When they were allowed back into their homes by way of the fire escape the next day to pick up some belongings, many residents found the apartments had been stripped of their most valuable possessions.

“They got rich in my apartment just by my jewelry,” said Olga Penafiel, 52, whose son discovered the thefts the day after the fire. “He said there was nothing there.”

Alexandra Calderon, a college student who lived in a third-floor apartment with her parents and two siblings, said two cell phones, three CD players, jewelry and $7,000 in cash were lifted from her residence.

“She was shocked,” Alexandra Calderon said, translating from Spanish for her mother Silvia. “She wanted to die because that was the only savings she had.”

Silvia Calderon filed a report with police at the 108th Precinct the day after the fire, an NYPD spokeswoman said.

The families complain they have received no compassion from the manager at Cosmopolitan, who refused to comment when contacted for an interview.

The manager “told us that it’s not his responsibility,” Alexandra Calderon said of the thefts.

Most of the families are living now at the Metro Motel on Queens Boulevard on the city’s tab Their temporary housing is being provided by the Department of Housing Preservation and Development, which ordered the families to vacate their apartments, and they are being assisted by the American Red Cross.

Many of the people displaced by the fire contend the manager has refused to allow them to rent other apartments in the extensive complex, even though they have been told at least 20 units are available.

“He told us that it’s not his problem where we live during the six to seven months that it will take for them to fix that,” Alexandra Calderon said as she gathered in a motel room Monday night with her neighbors affected by the fire. “We’re not animals, we’re human beings, and it’s really horrible what he said to us.”

But the manager has promised they can return to their apartments once repairs are completed if they pay $1 in rent each month, they said.

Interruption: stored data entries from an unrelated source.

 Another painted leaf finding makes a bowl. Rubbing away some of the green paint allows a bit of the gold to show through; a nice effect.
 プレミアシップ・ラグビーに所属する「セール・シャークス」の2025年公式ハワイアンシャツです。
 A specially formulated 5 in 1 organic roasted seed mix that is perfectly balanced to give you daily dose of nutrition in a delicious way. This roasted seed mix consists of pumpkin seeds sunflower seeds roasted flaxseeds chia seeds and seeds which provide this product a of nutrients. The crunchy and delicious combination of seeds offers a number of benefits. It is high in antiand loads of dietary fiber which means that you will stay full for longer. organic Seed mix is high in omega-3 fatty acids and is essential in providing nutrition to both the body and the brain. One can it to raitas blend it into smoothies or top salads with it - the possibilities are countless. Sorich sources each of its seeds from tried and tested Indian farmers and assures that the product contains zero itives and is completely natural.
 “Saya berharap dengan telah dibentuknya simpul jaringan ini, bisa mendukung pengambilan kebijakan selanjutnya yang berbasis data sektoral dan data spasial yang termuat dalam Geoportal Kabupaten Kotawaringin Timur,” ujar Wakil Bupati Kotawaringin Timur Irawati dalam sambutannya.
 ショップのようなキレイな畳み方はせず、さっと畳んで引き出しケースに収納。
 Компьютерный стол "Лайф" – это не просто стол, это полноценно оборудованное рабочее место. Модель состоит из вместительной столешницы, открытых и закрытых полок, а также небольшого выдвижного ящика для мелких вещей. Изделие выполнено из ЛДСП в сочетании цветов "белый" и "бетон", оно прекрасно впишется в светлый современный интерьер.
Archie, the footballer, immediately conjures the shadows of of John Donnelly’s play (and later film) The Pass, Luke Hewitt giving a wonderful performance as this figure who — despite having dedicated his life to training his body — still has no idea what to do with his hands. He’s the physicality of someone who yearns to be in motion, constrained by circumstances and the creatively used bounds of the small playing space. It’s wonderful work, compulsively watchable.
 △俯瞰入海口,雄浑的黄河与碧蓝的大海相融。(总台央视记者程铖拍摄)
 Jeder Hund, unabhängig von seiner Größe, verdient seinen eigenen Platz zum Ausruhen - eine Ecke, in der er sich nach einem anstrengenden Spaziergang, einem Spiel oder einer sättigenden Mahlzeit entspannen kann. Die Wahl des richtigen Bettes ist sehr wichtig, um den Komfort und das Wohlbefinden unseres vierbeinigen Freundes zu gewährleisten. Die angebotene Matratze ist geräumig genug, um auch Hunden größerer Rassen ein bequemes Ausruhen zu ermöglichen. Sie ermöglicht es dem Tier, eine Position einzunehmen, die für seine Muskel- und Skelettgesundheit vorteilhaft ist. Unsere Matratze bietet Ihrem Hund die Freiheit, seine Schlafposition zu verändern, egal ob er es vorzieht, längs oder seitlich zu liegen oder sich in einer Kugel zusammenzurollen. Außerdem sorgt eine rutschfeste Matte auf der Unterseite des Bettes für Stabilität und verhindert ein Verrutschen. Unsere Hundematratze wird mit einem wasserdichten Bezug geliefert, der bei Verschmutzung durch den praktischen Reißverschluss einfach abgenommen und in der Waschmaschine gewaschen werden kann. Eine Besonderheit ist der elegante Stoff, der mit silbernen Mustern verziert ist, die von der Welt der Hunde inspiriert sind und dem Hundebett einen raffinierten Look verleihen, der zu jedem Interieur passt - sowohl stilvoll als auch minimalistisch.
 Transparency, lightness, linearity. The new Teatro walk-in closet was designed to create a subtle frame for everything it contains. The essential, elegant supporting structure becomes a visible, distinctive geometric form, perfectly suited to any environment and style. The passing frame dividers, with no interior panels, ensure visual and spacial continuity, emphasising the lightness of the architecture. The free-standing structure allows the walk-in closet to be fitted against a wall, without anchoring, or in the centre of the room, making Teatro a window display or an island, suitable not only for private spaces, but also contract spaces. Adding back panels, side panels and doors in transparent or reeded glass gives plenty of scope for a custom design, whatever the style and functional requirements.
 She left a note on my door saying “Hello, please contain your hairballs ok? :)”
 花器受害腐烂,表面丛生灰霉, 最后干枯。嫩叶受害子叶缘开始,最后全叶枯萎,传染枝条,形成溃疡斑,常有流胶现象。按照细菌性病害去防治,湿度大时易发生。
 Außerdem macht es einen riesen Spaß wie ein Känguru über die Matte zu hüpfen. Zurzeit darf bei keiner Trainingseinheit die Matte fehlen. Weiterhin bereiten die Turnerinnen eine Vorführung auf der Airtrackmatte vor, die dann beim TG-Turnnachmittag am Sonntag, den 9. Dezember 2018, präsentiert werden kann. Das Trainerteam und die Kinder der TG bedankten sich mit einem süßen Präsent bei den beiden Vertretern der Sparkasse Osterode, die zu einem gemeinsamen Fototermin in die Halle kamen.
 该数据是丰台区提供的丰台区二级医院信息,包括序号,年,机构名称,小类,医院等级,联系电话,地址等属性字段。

According to Carol Abrams, a spokeswoman for the Department of Housing Preservation and Development, the manager is acting properly under the law.

“There is a legal requirement for them to (be able to) return to their apartments when they are ready to be inhabited again,” Abrams said. “But there are no legal requirements for him to place them elsewhere with vacancies at other buildings.”

Abrams said her agency is working with the manager to find permanent housing for the displaced families and possibly relocate some of them to units within the complex.

But that is little consolation to the families who are currently trying to transform motel rooms into adequate living quarters, surviving on fast food because they have no kitchens.

“We’re homeless now and I have a little sister,” said Alexandra Calderon, who has given up hope of retrieving the stolen items but simply wants her family to return home as soon as possible. “It’s just horrible what we’re going through.”

“I’m feeling terrible,” Olga Penafiel said. “I’ve got trauma. I’m sick.”

But despite the trouble that followed her out the burning building, Penafiel said she is grateful for the life she would have lost without the help of a firefighter she does not know.

“I want to kiss him, to tell him God bless him,” Penafiel said. “I wish all the best for him and his family, because he saved my life. I owe him my life.”